Ask Slashdot: Giving Users Extra-Firewall Access For Sites Normally Blocked?
An anonymous reader writes: My boss and I were having a discussion about our users accessing the internet. He wants the users to be able to log in to the firewall to be able to access external websites that they are normally blocked from accessing. They would get a 45-minute window to do this, and then if they need more time, they need to re-login. (SonicWall does this). I told him that this type of procedure scares the crap out of me, as some users will just keep logging in and doing what we are trying to block them from doing, and they will also be able to access infected websites as well. I think it is in our (the IT staff's) best interest if we continue to allow access to users on a case-by-case basis -- and then turn it off when they have completed their task. I am just curious as to where others stand on this topic. If you are your workplace's BOFH, how much slack do you cut? If you're an employee with unreasonable restrictions, do you bother to get around them?
What do you consider "reasonable" access? I tend to be very conservative about it. If I can do my job, I consider that reasonable access. Anything not strictly required to do my job is simply a bonus. Under those definitions, I've never had a job that did not afford me reasonable access to the internet. I know that many people will consider "reasonable" access to include things like access to Facebook and twitter and their bank accounts, etc. I disagree. When I'm at work, I'm working. When I'm not at work, I'm not at work. I try very hard to keep the boundary distinct. the more I blur the line, the easier it is for my employer to want me to be always available.
linquendum tondere
The boss's plan of allowing users to override the web page filter is absolutely the CORRECT plan. You have a rare boss who understands that the most important thing is that workers be able to work without interference from know-it-alls. Please get with the program!
This plan is a good one. To curb your concerns you could follow this plan:
If an employee's support tickets seem to be linked to the sites they are requesting, the employee can be approached and possible restrictions can be put in place if the problem isn't solved with a conversation. The same goes for browsing habits that might be linked to downturns in performance.
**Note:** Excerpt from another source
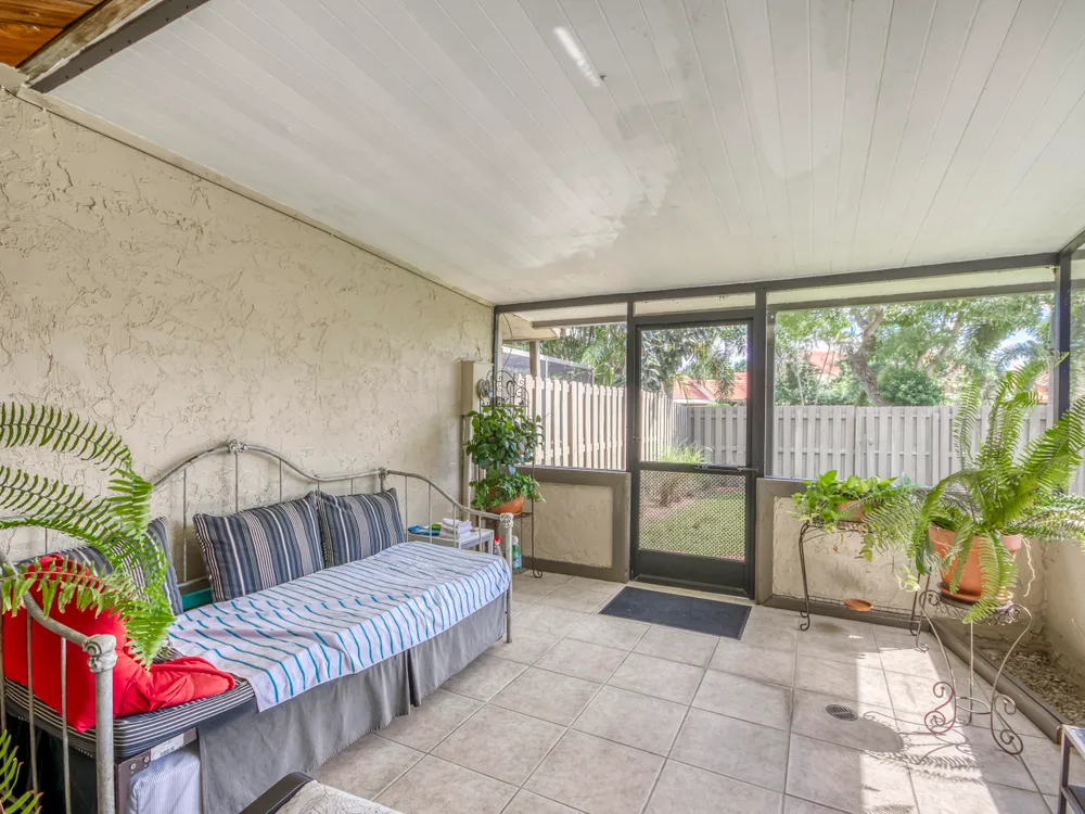 Welcome to this bright and peaceful 3BR/2.5BA home in the charming Boynton Beach 55+ community of Oakdale. Set on a spacious lot with a lush, private backyard oasis perfect for relaxing, entertaining, or spending time with pets and family. This well-maintained home features a vaulted ceiling living room with wet bar, updated kitchen with white cabinetry, plenty of counter space, a dedicated coffee station, and new appliances, and a cozy Florida room for year-round enjoyment. The primary suite offers a walk-in closet, private balcony, and garden tub in the en-suite. Upgrades include a new A/C, new hurricane shutters, and tile throughout. With low HOA dues, no required club membership, and a pet-friendly vibe, this is a hidden gem close to Woolbright, shopping, dining, and more!

This way, you are allowing your employees/users their freedom to browse/work, and only restricting the people who keep presenting problems.
The answer to "What, if anything, should we block" versus "What, if anything, should we allow" is "it varies":
Scenario 1: Receiving. Give the guy a Citrix or App-V console into a machine that can browse the Internet unfettered, but doesn't allow files to be transferred to the internal machine. Now the user has access to websites, there is something substantial keeping the actual machine from being compromised.
Scenario 2: Finance. Again, these machines are touching sensitive data, so they, by themselves, don't see the outside world, but the user can always use a VDI implement to browse the web, making the isolation a non-issue.
Scenario 3: General company (dev, QA, sales) use. The above in reverse. Allow traffic out, have a good IDS/IPS in place (this should be in place everywhere, but especially with this), and stick the real sensitive stuff behind a RDP firewall, or a "hop box". The user can manipulate the data, but malware on their machine will have a hard time (though not impossible) to grab the entire database for upload to a blackhat's site.
Scenario 4: Point of sale registers. These have no reason to be connected to the outside Internet, other than through a server for credit card validation.
Of course, these are generic, off-the-top-of-my-head scenarios, but there is no one size fits all solution, other than that it helps to have some type of VDI for separation of data.